New York City neighborhoods that had higher levels of socioeconomic disadvantage experienced more COVID-19 infections and deaths, according to Mount Sinai scientists who created a neighborhood-level COVID-19 inequity index.
The index measured factors that fueled inequities in the residents’ lives, such as employment and commuting patterns, population density of their neighborhood, food access, socioeconomic status, and access to health care. This allowed the scientists to compare between neighborhoods the contributions of these social factors in facilitating disease transmission during the first wave of the pandemic in a study published in Nature Communications in June.
Much of the early rhetoric around COVID-19 disparities centered on comorbidities which, due to health disparities, may have explained why communities of color were suffering higher mortality. But we were seeing more people of color getting infected in the first place. Our research team wanted to add to the literature outlining how structural racism is related to neighborhood disadvantage, and how that disadvantage is related to increased COVID-19 infections and mortality.”
Daniel Carrión, PhD, MPH, first author, postdoctoral researcher, Department of Environmental Medicine and Public Health, Icahn School of Medicine at Mount Sinai
The COVID-19 inequity index showed that the disparities were considerably worse based on neighborhood racial and ethnic composition; Black neighborhoods had the highest average inequity index, followed by Latinx communities, while white neighborhoods had the lowest. The authors believe one of the reasons for these disparities is the diminished capacity to socially isolate based on where someone lives.

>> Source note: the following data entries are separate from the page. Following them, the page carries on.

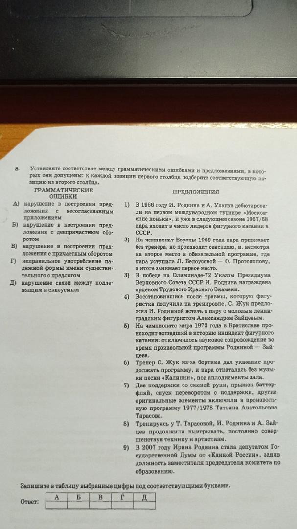 Помогите пожалуйста, даю 40 баллов!! Установите соответствие между грамматическими ошибками и предложениями. В 1996 году И. Роднина и А. Уланов..
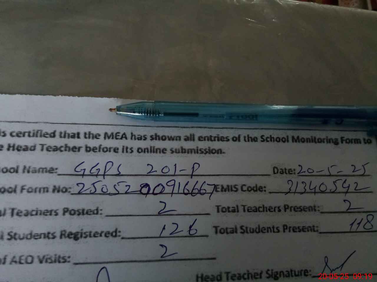 | Attendance Register | Head Teacher | MEA with School | Visit Proof |
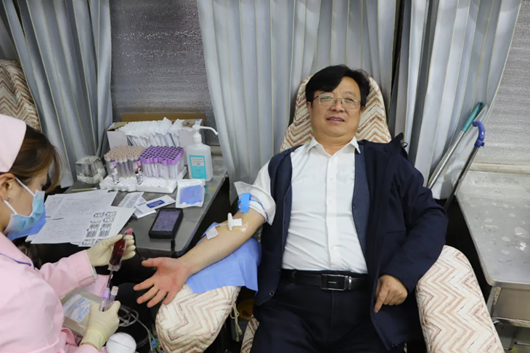陈伟是A型血,活动现场再次带头献血400毫升。他既是献血者,又是组织者和宣传者,发挥示范作用,鼓舞更多干部和群众加入到了无偿献血爱心队伍。
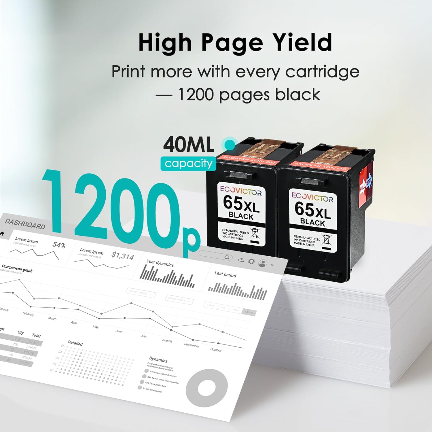 • Model Name : EcoVictor 65XL Black Ink Cartridge for HP Printers
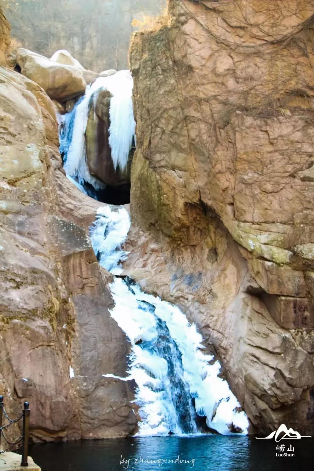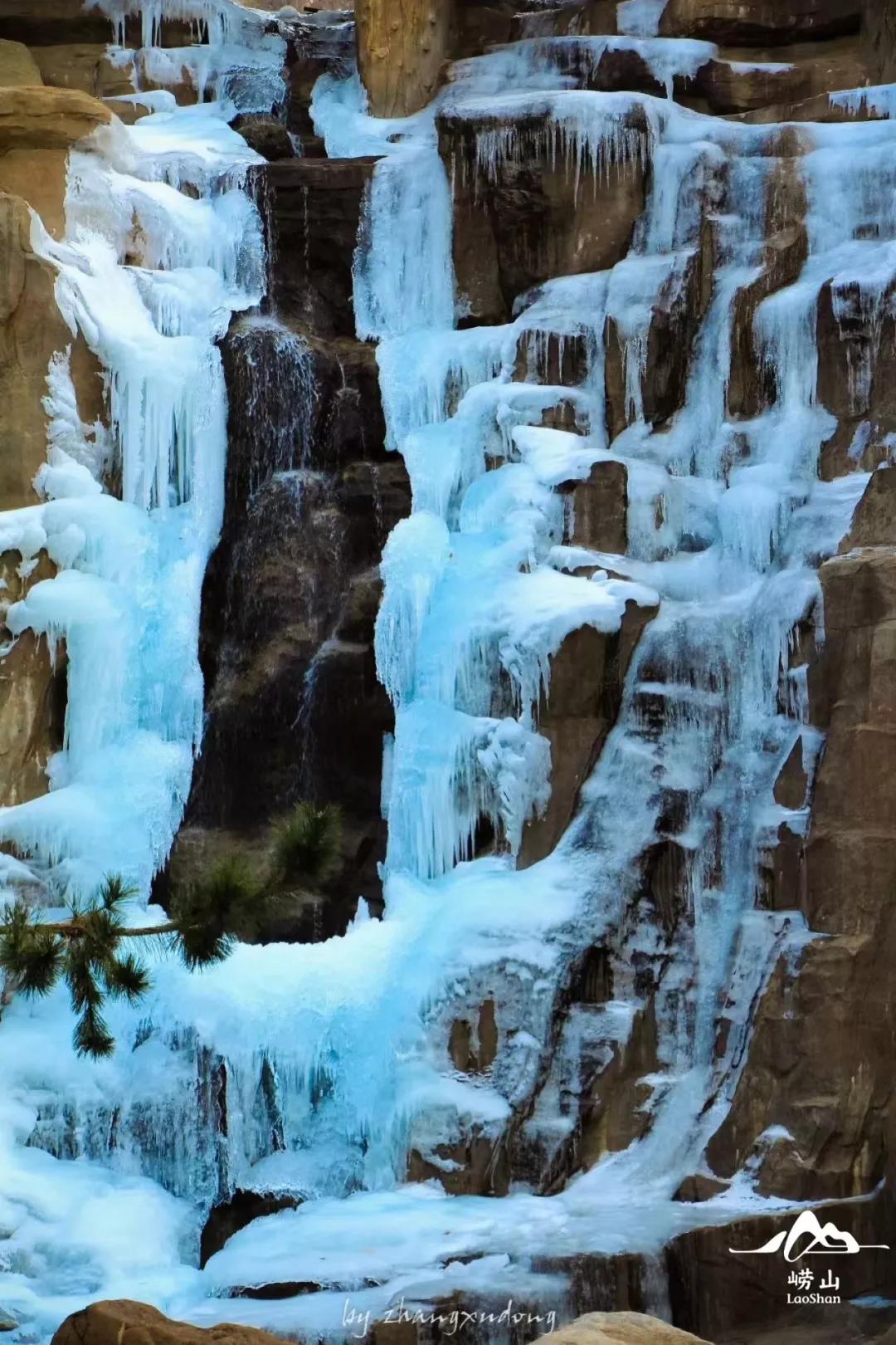 往日里流水潺潺的山间溪流,凝结成了洁白无瑕的“玉带”,高悬在九水的崖壁之上,不由让人感慨大自然的鬼斧神工,崂友 望之崂山 为九水所作的佳句,令人神往↓↓↓

This study showed that areas with higher COVID-19 inequity indices had higher subway ridership after New York State introduced stay-at-home orders. This implies that the residents had less capacity to socially distance, the researchers said, possibly due to their jobs as essential workers or because they lived in denser housing.
The researchers believe their approach to identifying social factors that are associated with viral spread may be useful throughout the United States to pinpoint potential areas for targeted public health intervention.
“The social factors in the COVID-19 inequity index are upstream neighborhood characteristics–they were already in place before the pandemic,” said Allan Just, PhD, senior author on the study and Assistant Professor of Environmental Medicine and Public Health at Icahn Mount Sinai. “In the near term, this speaks to the importance of place-based interventions in Black, Indigenous, and people of color (BIPOC) communities to reduce disease incidence and mortality, such as improved and targeted vaccine availability for these communities. This also supports the need to look at social factors in pandemic preparedness.”
The team analyzed many forms of publicly available data, including census, New York City subway ridership, New York City Department of Health and Mental Hygiene infections and mortality data, and other datasets available through New York City’s and New York State’s open data portals.
Many neighborhood-level social variables are closely related; for example, median income can be strongly associated with education or even food access. This can be a challenge for traditional statistical approaches, so the team employed a new statistical framework designed to deal with these challenges, developed by co-author Elena Colicino, PhD, Assistant Professor of Environmental Medicine and Public Health at Icahn Mount Sinai.
The COVID-19 inequity index included neighborhood-level characteristics, but specifically excluded race and ethnicity as input variables. “Past literature shows that structural racism operates by historically sorting BIPOC people into neighborhoods that do not have the same resources and may facilitate infectious disease transmission,” said Dr. Carrión. “We wanted to see if our index reconstructed those racial disparities.”